WHAT YOU WILL DO: The span to copy runs from the line containing "در تست کار با" to the last line below. Copy it exactly, with nothing else.
+-------+
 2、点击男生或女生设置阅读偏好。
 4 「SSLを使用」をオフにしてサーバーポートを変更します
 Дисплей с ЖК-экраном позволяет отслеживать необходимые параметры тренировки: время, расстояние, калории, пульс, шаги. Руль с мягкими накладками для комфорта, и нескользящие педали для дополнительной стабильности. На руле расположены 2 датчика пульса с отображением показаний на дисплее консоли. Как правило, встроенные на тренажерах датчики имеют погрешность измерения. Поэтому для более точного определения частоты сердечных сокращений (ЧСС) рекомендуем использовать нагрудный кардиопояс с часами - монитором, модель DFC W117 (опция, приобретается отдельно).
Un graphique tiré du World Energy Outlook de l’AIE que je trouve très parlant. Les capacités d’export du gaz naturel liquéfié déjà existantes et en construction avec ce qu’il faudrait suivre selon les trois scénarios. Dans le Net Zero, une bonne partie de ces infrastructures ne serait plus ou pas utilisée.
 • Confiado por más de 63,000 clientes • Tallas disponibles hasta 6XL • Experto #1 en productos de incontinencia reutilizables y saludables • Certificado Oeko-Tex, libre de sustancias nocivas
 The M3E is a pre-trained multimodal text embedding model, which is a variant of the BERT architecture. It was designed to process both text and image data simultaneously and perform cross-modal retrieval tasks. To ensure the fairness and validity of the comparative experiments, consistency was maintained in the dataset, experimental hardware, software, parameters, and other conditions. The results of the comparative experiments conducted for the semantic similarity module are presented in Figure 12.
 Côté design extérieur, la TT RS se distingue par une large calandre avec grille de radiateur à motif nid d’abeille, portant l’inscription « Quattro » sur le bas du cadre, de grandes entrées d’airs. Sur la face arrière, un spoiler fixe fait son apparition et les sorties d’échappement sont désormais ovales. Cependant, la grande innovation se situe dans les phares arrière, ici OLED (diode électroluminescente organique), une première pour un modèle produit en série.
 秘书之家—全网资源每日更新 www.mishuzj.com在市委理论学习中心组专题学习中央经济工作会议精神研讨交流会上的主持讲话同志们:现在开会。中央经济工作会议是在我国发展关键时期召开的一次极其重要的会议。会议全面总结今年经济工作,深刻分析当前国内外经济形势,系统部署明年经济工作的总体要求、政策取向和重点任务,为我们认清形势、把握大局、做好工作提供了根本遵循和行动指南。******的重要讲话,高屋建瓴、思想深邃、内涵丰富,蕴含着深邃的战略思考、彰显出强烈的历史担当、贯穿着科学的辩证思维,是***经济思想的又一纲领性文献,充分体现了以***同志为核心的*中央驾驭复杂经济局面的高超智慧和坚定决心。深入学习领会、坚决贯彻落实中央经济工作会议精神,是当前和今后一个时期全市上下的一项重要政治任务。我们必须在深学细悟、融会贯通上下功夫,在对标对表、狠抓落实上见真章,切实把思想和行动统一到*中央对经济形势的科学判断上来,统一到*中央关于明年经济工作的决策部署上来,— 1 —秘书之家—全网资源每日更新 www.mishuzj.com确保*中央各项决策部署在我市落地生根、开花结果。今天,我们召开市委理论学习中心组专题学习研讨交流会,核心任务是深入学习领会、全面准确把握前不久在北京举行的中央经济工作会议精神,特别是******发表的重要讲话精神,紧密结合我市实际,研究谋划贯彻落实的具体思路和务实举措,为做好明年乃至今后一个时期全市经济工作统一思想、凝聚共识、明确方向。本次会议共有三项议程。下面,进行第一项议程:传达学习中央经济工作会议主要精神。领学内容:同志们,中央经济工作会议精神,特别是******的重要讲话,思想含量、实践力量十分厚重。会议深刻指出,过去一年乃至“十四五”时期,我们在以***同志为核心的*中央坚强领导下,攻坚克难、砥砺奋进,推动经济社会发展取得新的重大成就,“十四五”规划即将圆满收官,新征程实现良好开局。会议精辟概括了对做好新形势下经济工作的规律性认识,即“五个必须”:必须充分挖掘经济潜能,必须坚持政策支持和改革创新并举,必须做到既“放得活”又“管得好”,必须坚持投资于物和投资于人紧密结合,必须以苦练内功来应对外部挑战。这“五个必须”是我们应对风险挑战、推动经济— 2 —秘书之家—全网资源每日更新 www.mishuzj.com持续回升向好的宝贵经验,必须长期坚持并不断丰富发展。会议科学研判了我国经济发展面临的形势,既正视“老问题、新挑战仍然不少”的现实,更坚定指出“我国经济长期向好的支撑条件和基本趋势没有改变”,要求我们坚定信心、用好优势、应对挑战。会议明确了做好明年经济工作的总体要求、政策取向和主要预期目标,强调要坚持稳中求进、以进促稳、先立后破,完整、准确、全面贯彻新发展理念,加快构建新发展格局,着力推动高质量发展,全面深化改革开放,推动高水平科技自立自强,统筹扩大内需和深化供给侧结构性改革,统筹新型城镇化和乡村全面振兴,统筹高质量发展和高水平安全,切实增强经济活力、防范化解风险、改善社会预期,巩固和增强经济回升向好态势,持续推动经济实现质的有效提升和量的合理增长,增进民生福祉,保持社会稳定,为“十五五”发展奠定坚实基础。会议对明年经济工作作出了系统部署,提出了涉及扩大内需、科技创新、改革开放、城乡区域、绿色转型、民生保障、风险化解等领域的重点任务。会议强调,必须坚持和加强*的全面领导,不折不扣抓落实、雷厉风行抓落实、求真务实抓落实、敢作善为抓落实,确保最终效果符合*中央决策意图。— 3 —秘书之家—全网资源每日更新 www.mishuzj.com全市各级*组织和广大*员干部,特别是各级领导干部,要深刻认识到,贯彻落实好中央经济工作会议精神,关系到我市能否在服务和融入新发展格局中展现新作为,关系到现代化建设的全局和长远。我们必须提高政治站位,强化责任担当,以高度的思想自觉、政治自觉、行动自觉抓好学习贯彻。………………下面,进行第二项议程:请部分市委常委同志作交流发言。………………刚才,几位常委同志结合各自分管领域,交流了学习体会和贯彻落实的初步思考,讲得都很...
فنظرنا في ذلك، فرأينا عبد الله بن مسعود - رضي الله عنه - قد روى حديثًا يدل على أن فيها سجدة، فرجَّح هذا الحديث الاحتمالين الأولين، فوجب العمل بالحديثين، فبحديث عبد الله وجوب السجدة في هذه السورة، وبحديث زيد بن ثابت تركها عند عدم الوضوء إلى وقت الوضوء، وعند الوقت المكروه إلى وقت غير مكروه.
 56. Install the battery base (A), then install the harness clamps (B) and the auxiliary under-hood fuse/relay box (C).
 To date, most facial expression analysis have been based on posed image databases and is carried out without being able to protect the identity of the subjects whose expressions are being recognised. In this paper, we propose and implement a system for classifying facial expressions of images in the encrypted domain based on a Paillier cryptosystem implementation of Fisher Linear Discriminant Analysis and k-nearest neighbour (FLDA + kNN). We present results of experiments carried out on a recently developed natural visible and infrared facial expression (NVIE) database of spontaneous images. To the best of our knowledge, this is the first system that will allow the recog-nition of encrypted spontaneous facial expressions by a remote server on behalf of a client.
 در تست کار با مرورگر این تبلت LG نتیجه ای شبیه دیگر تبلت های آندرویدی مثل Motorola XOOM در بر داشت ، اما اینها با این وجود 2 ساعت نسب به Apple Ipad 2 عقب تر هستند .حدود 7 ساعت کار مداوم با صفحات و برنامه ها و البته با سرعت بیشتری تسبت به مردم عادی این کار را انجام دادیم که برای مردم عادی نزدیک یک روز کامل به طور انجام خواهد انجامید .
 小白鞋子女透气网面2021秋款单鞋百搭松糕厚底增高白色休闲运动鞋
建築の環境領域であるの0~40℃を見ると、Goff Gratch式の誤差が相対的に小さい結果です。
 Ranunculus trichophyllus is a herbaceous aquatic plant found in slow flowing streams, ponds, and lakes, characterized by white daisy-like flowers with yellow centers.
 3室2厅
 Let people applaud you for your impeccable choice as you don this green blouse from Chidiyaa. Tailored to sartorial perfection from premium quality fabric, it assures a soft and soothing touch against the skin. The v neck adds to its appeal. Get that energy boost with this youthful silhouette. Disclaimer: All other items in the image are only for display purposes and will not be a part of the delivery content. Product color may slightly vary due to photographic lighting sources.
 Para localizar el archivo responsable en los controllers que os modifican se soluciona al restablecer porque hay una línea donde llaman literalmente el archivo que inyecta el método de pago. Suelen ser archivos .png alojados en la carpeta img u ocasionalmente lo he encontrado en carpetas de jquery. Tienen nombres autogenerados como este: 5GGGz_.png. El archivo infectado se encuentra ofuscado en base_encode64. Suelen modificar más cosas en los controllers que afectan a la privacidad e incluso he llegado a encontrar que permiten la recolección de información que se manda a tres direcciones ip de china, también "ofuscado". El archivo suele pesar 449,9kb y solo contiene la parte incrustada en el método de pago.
+-------+
RESULT OF THIS EXERCISE:
 در تست کار با مرورگر این تبلت LG نتیجه ای شبیه دیگر تبلت های آندرویدی مثل Motorola XOOM در بر داشت ، اما اینها با این وجود 2 ساعت نسب به Apple Ipad 2 عقب تر هستند .حدود 7 ساعت کار مداوم با صفحات و برنامه ها و البته با سرعت بیشتری تسبت به مردم عادی این کار را انجام دادیم که برای مردم عادی نزدیک یک روز کامل به طور انجام خواهد انجامید .
 小白鞋子女透气网面2021秋款单鞋百搭松糕厚底增高白色休闲运动鞋
建築の環境領域であるの0~40℃を見ると、Goff Gratch式の誤差が相対的に小さい結果です。
 Ranunculus trichophyllus is a herbaceous aquatic plant found in slow flowing streams, ponds, and lakes, characterized by white daisy-like flowers with yellow centers.
 3室2厅
 Let people applaud you for your impeccable choice as you don this green blouse from Chidiyaa. Tailored to sartorial perfection from premium quality fabric, it assures a soft and soothing touch against the skin. The v neck adds to its appeal. Get that energy boost with this youthful silhouette. Disclaimer: All other items in the image are only for display purposes and will not be a part of the delivery content. Product color may slightly vary due to photographic lighting sources.
 Para localizar el archivo responsable en los controllers que os modifican se soluciona al restablecer porque hay una línea donde llaman literalmente el archivo que inyecta el método de pago. Suelen ser archivos .png alojados en la carpeta img u ocasionalmente lo he encontrado en carpetas de jquery. Tienen nombres autogenerados como este: 5GGGz_.png. El archivo infectado se encuentra ofuscado en base_encode64. Suelen modificar más cosas en los controllers que afectan a la privacidad e incluso he llegado a encontrar que permiten la recolección de información que se manda a tres direcciones ip de china, también "ofuscado". El archivo suele pesar 449,9kb y solo contiene la parte incrustada en el método de pago.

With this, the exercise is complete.